Sigh. Does anyone have a PDF link?

tmm1 · on Feb 24, 2010

http://dl.dropbox.com/u/635/gc-export.pdf

kristianp · on Feb 22, 2010

It's a pity memprof doesn't support 32-bit linux yet. I would like to try out the method in the slides on my 32 bit machine.

ice799 · on Feb 23, 2010

working on it.

jcnnghm · on Feb 22, 2010

If you haven't, tune the garbage collector for rails. By tuning, I was able to improve the performance of my production application by about 60%.

munctional · on Feb 23, 2010

Can you elaborate a bit on this? Did you simply patch the GC? I've seen Evan Weaver's post (http://blog.evanweaver.com/articles/2009/04/09/ruby-gc-tunin...) on it, but that's it.

tmm1 · on Feb 23, 2010

GC tuning is easy with REE, you can set environment variables to change the behavior of the mark and sweep collector. See slides 50-53 for more info.

munctional · on Feb 23, 2010

Thanks for the info! I'll check out REE again.

jpr · on Feb 22, 2010

Ruby is known as the slowest and memoryhungriest language in common use today, is there any reason why people should know how it achieves that? How does this advance the state of the art?

tmm1 · on Feb 22, 2010

"Now you know, and knowing is half the battle."

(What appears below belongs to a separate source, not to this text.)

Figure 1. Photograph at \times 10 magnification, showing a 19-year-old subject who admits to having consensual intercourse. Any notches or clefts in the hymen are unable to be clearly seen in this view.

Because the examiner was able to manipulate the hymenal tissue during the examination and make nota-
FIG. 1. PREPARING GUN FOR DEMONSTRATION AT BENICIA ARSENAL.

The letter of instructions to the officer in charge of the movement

FooBarWidget · on Feb 22, 2010

Uh what? Are you saying some like "X has problem Y, why should anybody study problem Y"?

> and memoryhungriest language in common use today

I think you've never heard of Perl.

telemachos · on Feb 22, 2010

I didn't realize that Perl was memory intensive compared with Ruby (or other comparable languages more generally).

Any links for that? (Not trolling: I use both Perl and Ruby day to day, and I'm curious. I certainly haven't noticed significant differences in memory usage. Speed certainly - Perl being faster in many cases.)

_ivvf · on Feb 23, 2010

http://shootout.alioth.debian.org/u32/benchmark.php?test=all.... With the exception of one benchmark ruby's memory is about the same as perl's. As for speed usage, ruby is no more than twice as slow as perl for most benchmarks. It does poorly on pidigits because there aren't gmp bindings available for ruby 1.9, and it does significantly worse on regex-dna because perl's regex library is much higher quality.

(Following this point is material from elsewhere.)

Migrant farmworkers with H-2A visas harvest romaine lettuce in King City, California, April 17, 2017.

Both are so much slower than C that a 2x difference is insignificant.

FooBarWidget · on Feb 23, 2010

Benchmarks don't say anything when it comes to real memory usage. In my experience Perl is a lot more memory hungry than Ruby. All the data structures take so much memory. Defining a single, empty function eats 1.5 KB (!) of memory. I had a Perl program of about 30k lines, and it ate 25 MB during startup, most of which is consumed just by storing the Perl optree. During runtime memory usage would jump to 35 MB as it loads all kinds of data into hash tables and stuff.

jakedouglas · on Feb 22, 2010

These slides are _ILL_ bro.

munctional · on Feb 23, 2010

Avoiding local slang when writing is also "ill", my brother.